BEGIN Supplied records
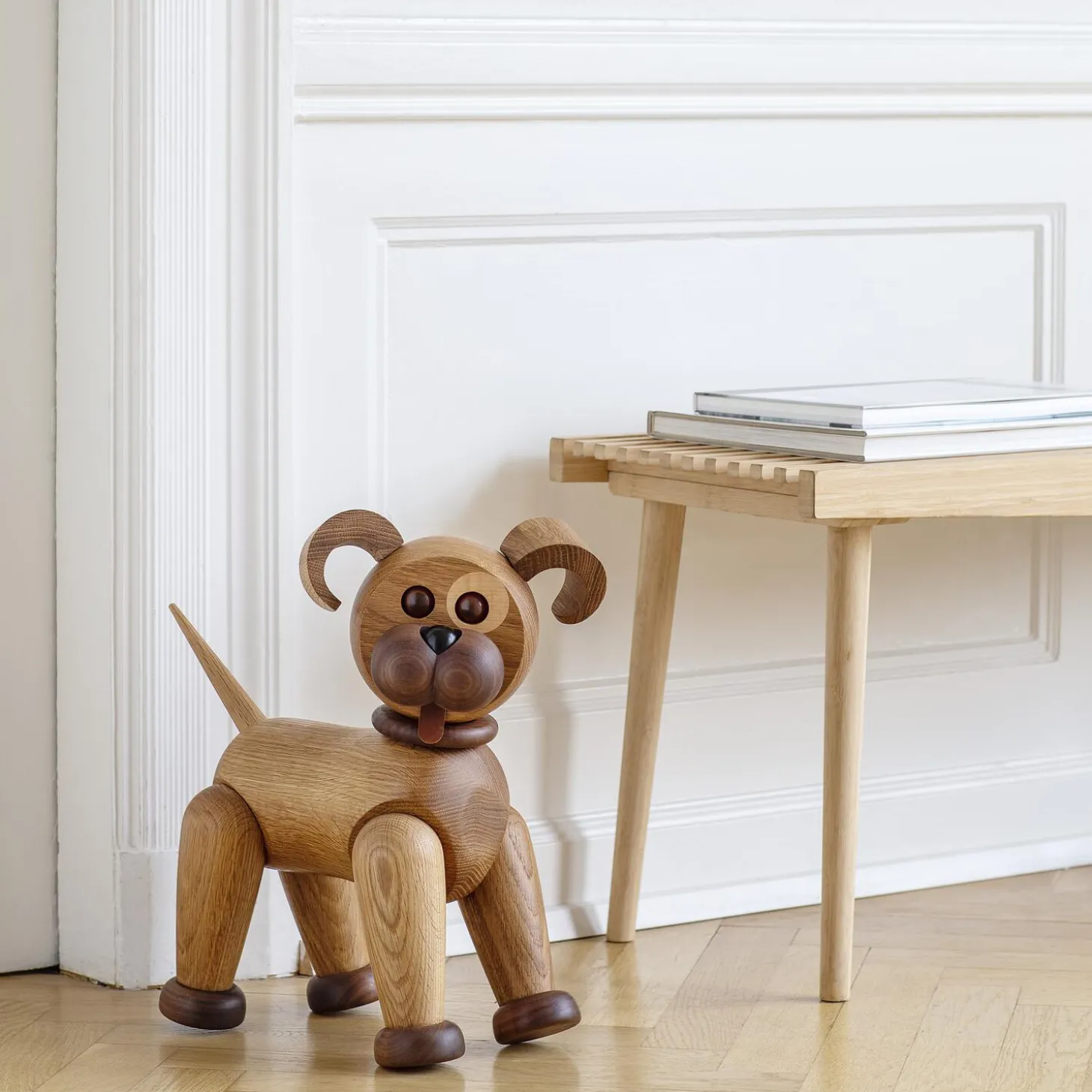 Big Happy er en hyldest til menneskets bedste ven. Den er lavet af egetræ og ask – og til tungen er der brugt læder. Som med Chrestens Sommers andre design er der lagt vægt på at gøre Big Happys udtryk sødt og mildt. Designet gør det muligt at skabe nye udtryk, og derfor får du med Big Happy ikke bare en ny bedste ven, men også et design, du løbende kan personalisere, så udtrykket er unikt for dit hjem.
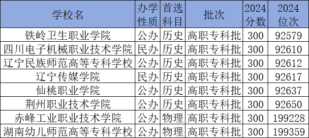 历史类300分能上的有铁岭卫生职业学院、四川电子机械职业技术学院、辽宁民族师范高等专科学校、辽宁传媒学院、仙桃职业学院等;物理类300分能上的有赤峰工业职业技术学院、湖南幼儿师范高等专科学校。
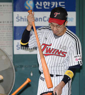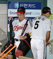 2013.09.11 18: 17우천 연기에 배트 챙기는 정성훈
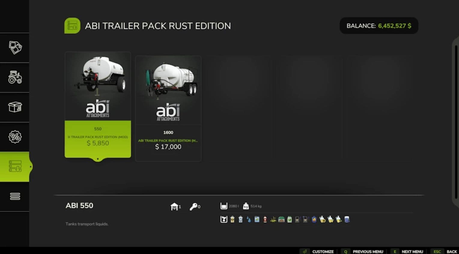 ABI Trailer Pack Rust Edition 1.0 FS25 Mods | 19 Nov, 2025 ABI Trailer Pack Rust Edition 1.0 – Price: ABI 550 $5850 – Capacity: 2080 – Price: ABI 1600 $17000 – Capacity: 6050 – Added rust for wear shader – Holds all liquids ingame Author: Adub Modding ABP Team This content was uploaded by our website visitors. If you notice any errors, please let us know.
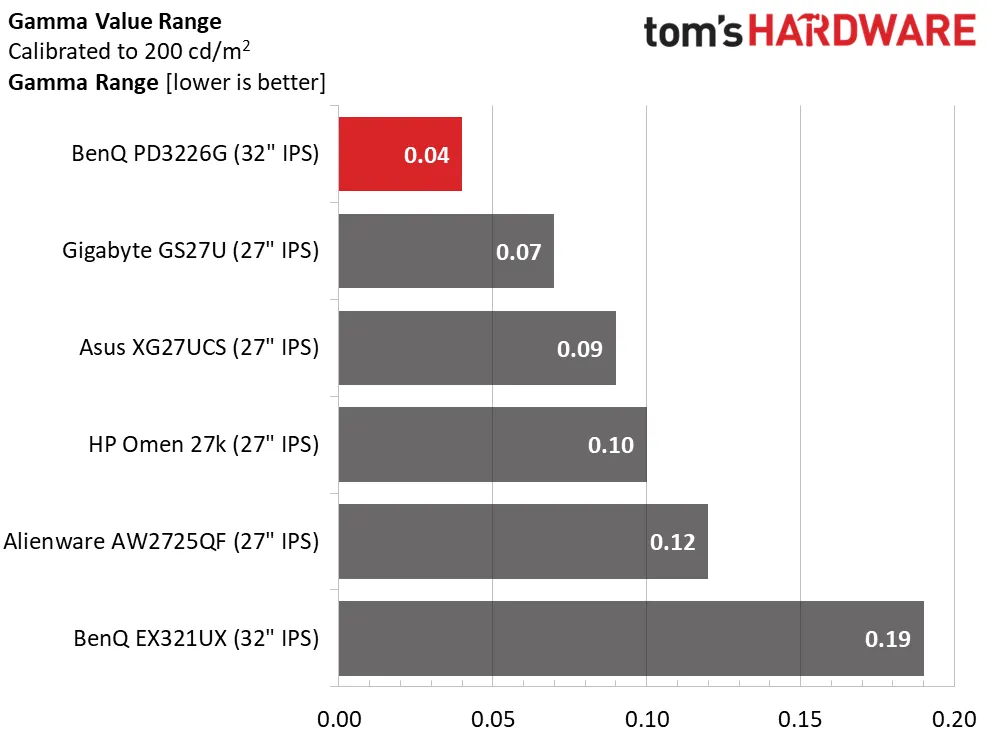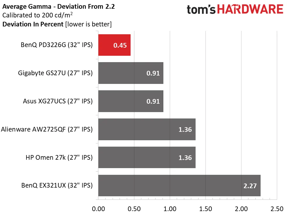Гамма-отслеживание PD3226G — одно из лучших, что я видел на сегодняшний день. Диапазон значений составляет всего 0,04, а отклонение от идеальных 2,2 составляет лишь 0,45% (фактическое среднее значение — 2,19). Лучше и быть не может.
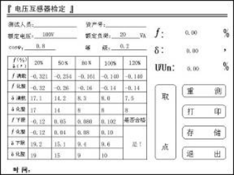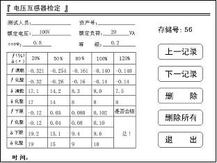 進(jìn)入電壓互感器檢定界面后,儀器自動(dòng)顯示比差、角差以及百分表,同時(shí)在升壓過(guò)程中儀器自動(dòng)把測試數據記錄到表格中,儀器自動(dòng)對數據進(jìn)行化整處理,所有的數據測量完成后,根據規程給出被測互感器誤差是否合格的結論。
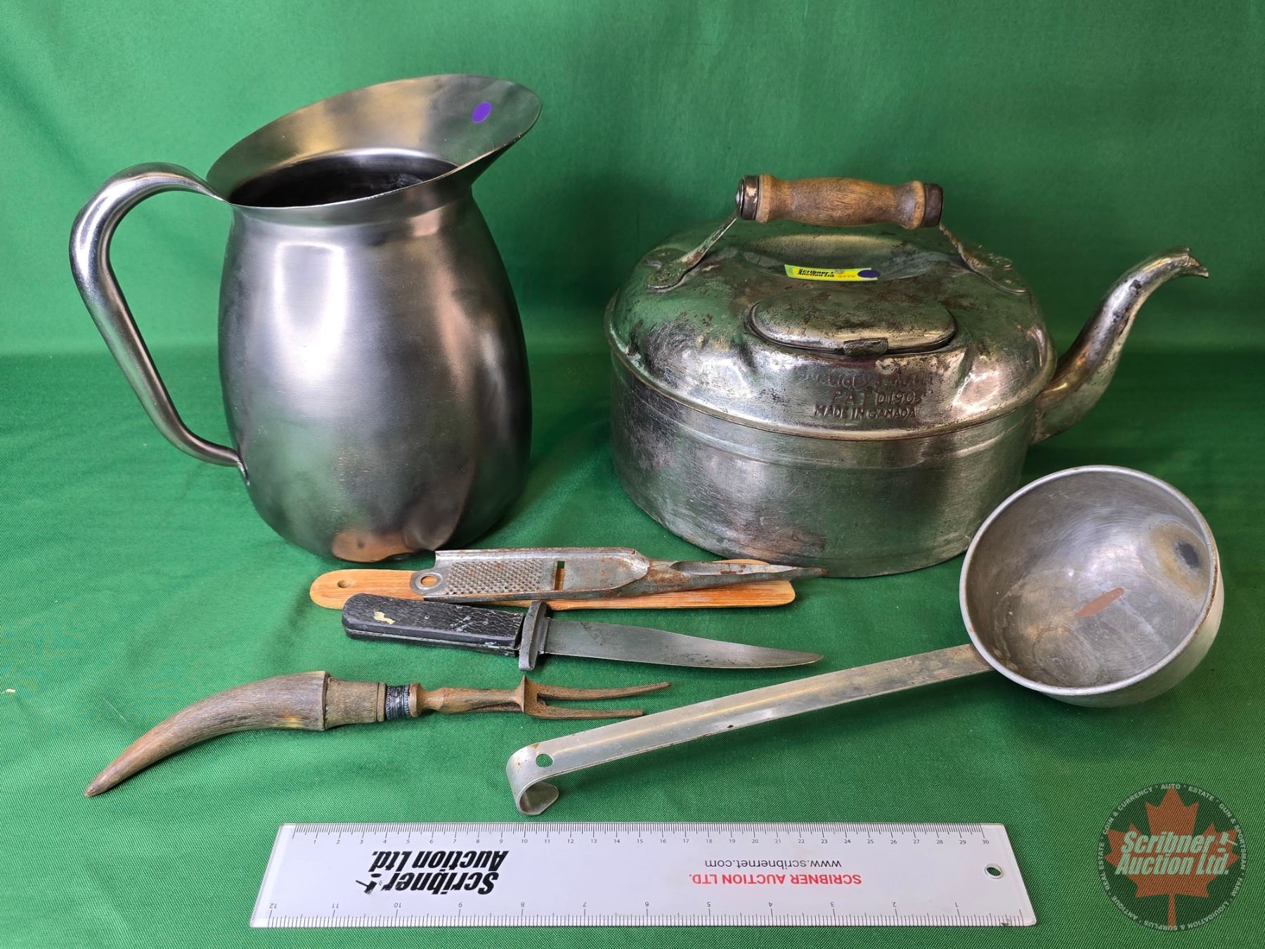 Kettle & Pitcher w/ Kitchen Utensils (Pitcher Measures 9-1/2"H)
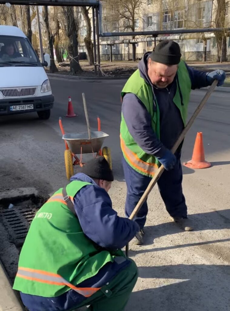 Працівники КП «Затишне місто» обстежують проблемні ділянки: розбирають пошкоджені елементи, визначають обсяг і складність робіт, огороджують аварійні місця для забезпечення безпеки.
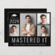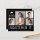 Budget-friendly masters degree black graduation announcement and party invitation featuring a 4 picture photo collage, "Mastered It" written across the bottom in large white letters and his or her class year, name and college or university in simple white typography. On the reverse side, add the graduation party details.
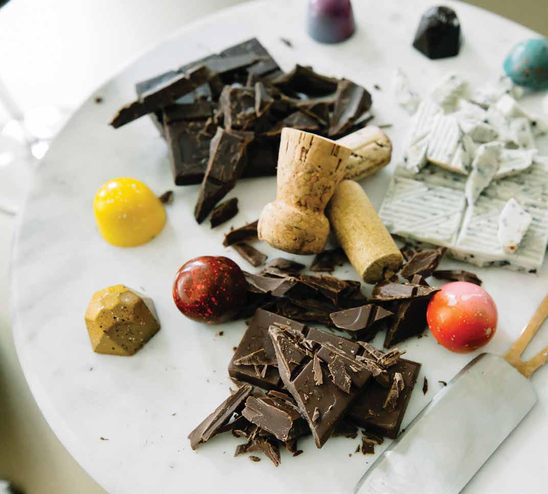 Wine and chocolate have a lot of similarities to each other. Both contain flavanols (antioxidants) and polyphenols (compounds found in plant-based food) that are good for you and have anti-inflammatory properties. These characteristics affect flavor so it’s somewhat challenging to pair wine and chocolate together. The more polyphenols, the more pronounced the bitter taste.
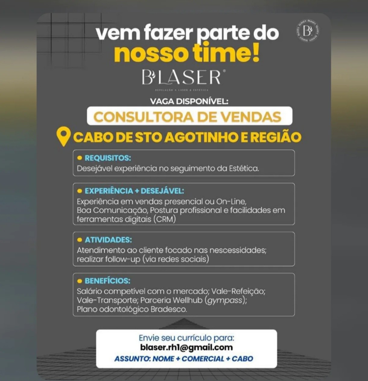 1 Vaga de emprego para Consultor(a) de Vendas em B’laser nesta terça-feira (21/04)
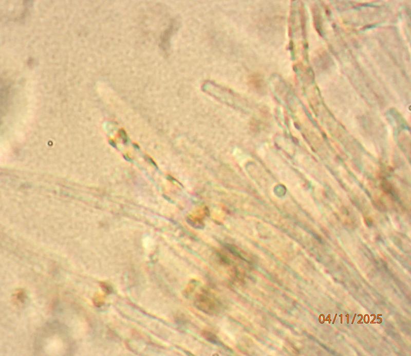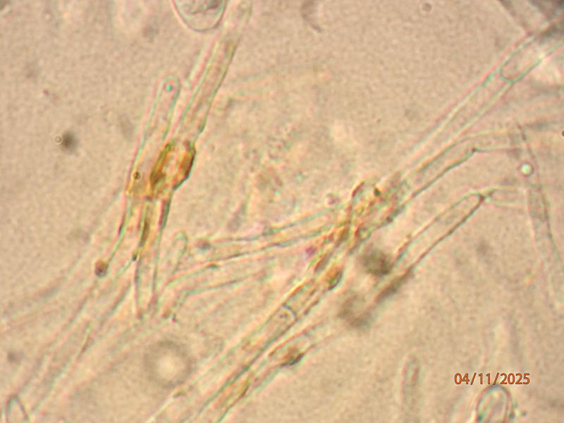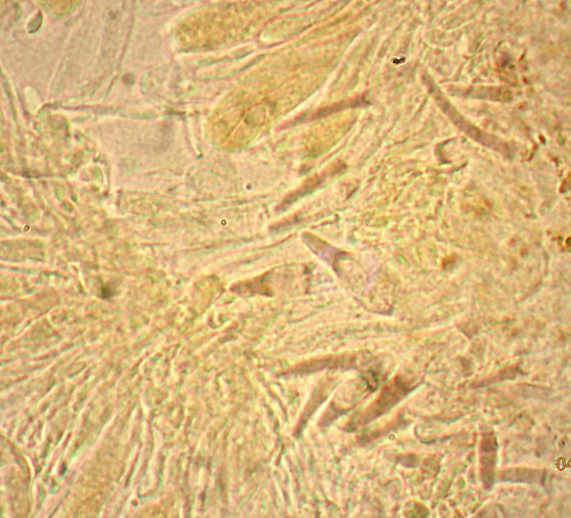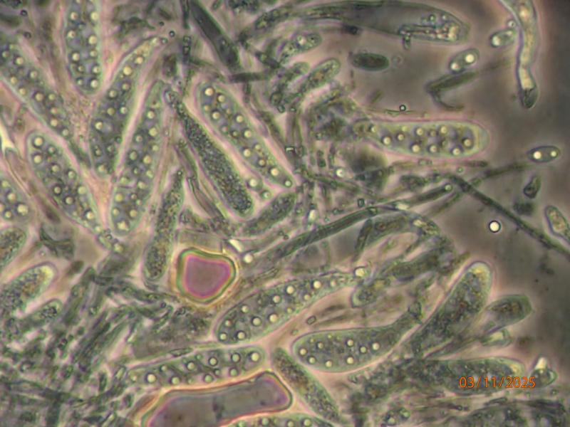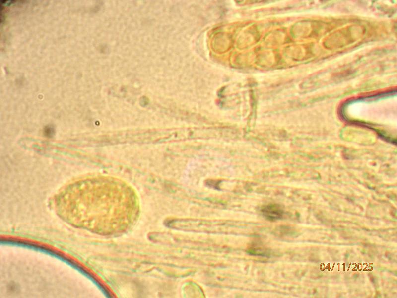 Hi! One more found on old Populus tremula log in Oslo, Norway. Apos 0.1-0.4 mm. Spores ca. 6-7x3-3.5 micr. with two large guttules. Hairs with glassy, amyloid tips. Some hairs with orange incrustration/resin. Asci IKI+ (blue in Lugol). Not sure about croziers.
END Supplied records
**Try it**
Exact copy, pictures excluded: from the line with "历史类300分能上的有铁岭卫" up to and including the line with "ABI Trailer Pack Rust Edition 1.0 FS25" in the data above.

**Completed task**
 历史类300分能上的有铁岭卫生职业学院、四川电子机械职业技术学院、辽宁民族师范高等专科学校、辽宁传媒学院、仙桃职业学院等;物理类300分能上的有赤峰工业职业技术学院、湖南幼儿师范高等专科学校。
 2013.09.11 18: 17우천 연기에 배트 챙기는 정성훈
 ABI Trailer Pack Rust Edition 1.0 FS25 Mods | 19 Nov, 2025 ABI Trailer Pack Rust Edition 1.0 – Price: ABI 550 $5850 – Capacity: 2080 – Price: ABI 1600 $17000 – Capacity: 6050 – Added rust for wear shader – Holds all liquids ingame Author: Adub Modding ABP Team This content was uploaded by our website visitors. If you notice any errors, please let us know.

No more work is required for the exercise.